WHAT YOU NEED TO DO — Only text is carried over. Reproduce the entries below exactly.

TASK MATERIAL —

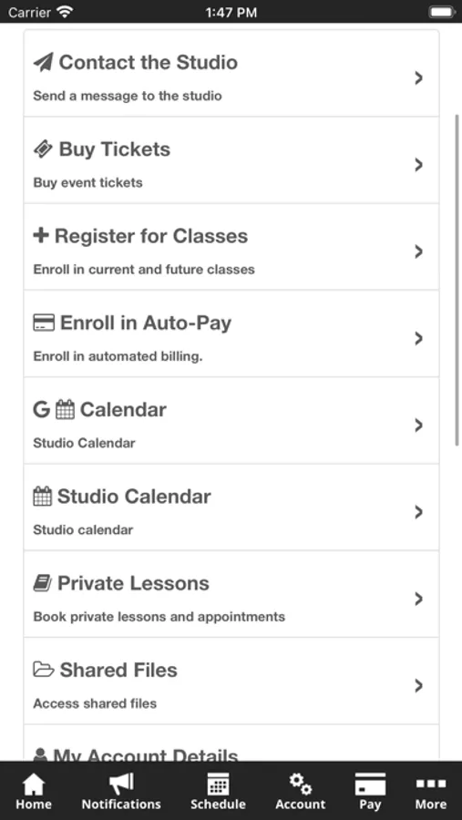 The Dare 2 Dance app allows you to manage your account with ease, see your child's dance schedule, access all the info you need at the touch of a button, pay termly fees, log absences, have access to class music and videos and so much more! You'll also receive important notifications about class changes, registration openings, special announcements, and upcoming events / competitions / concerts.
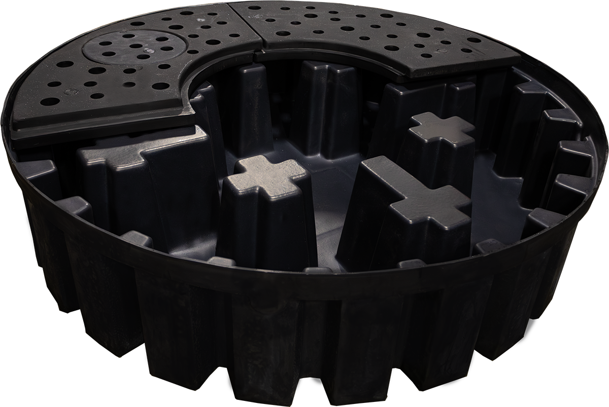 Ideal for large basalts and large vase style fountains. The basin has multiple molded legs which transfer the weight into the ground below, eliminating bowing or sagging.
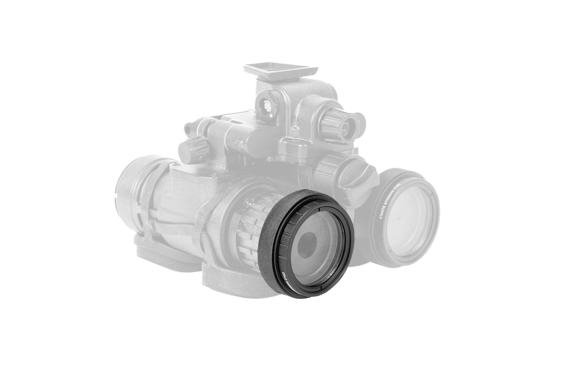 The iris diaphragm - originally designed for camera lenses without adjustable apertures - solves the focus issue on NVGs by giving the user the ability to dial in the optimal amount of light into the host NVG to maintain full-focus at all distances. By reducing the amount of light, the depth of field increases and everything comes into focus. Because the CHAD is larger than the NVG's objective lens, at wide-open aperture, there is no signal degradation.
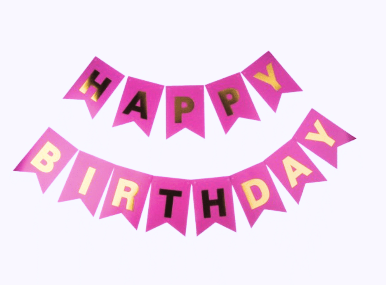 Нежен и елегантен банер „HAPPY BIRTHDAY“ в цикламен цвят със златисти букви – перфектна декорация за рожден ден на дете или възрастен. Пастелната визия го прави подходящ както за момичешки партита, така и за стилни празненства с изчистена украса.
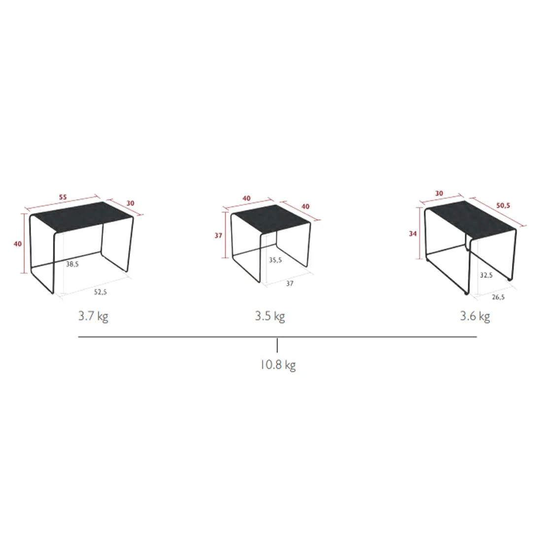 Das robuste Gestell-Material des Beistelltischs besteht aus Stahl. Die Tischplatte ist aus Stahlblech gefertigt und dadurch für den Einsatz auf der Terrasse, im Garten und auf dem Balkon geeignet. Die rechteckige Form ermöglicht es Ihnen, den Beistelltisch in Ecken und an Häuserwänden platzsparend einzusetzen.

COMPLETED TASK —
 The Dare 2 Dance app allows you to manage your account with ease, see your child's dance schedule, access all the info you need at the touch of a button, pay termly fees, log absences, have access to class music and videos and so much more! You'll also receive important notifications about class changes, registration openings, special announcements, and upcoming events / competitions / concerts.
 Ideal for large basalts and large vase style fountains. The basin has multiple molded legs which transfer the weight into the ground below, eliminating bowing or sagging.
 The iris diaphragm - originally designed for camera lenses without adjustable apertures - solves the focus issue on NVGs by giving the user the ability to dial in the optimal amount of light into the host NVG to maintain full-focus at all distances. By reducing the amount of light, the depth of field increases and everything comes into focus. Because the CHAD is larger than the NVG's objective lens, at wide-open aperture, there is no signal degradation.
 Нежен и елегантен банер „HAPPY BIRTHDAY“ в цикламен цвят със златисти букви – перфектна декорация за рожден ден на дете или възрастен. Пастелната визия го прави подходящ както за момичешки партита, така и за стилни празненства с изчистена украса.
 Das robuste Gestell-Material des Beistelltischs besteht aus Stahl. Die Tischplatte ist aus Stahlblech gefertigt und dadurch für den Einsatz auf der Terrasse, im Garten und auf dem Balkon geeignet. Die rechteckige Form ermöglicht es Ihnen, den Beistelltisch in Ecken und an Häuserwänden platzsparend einzusetzen.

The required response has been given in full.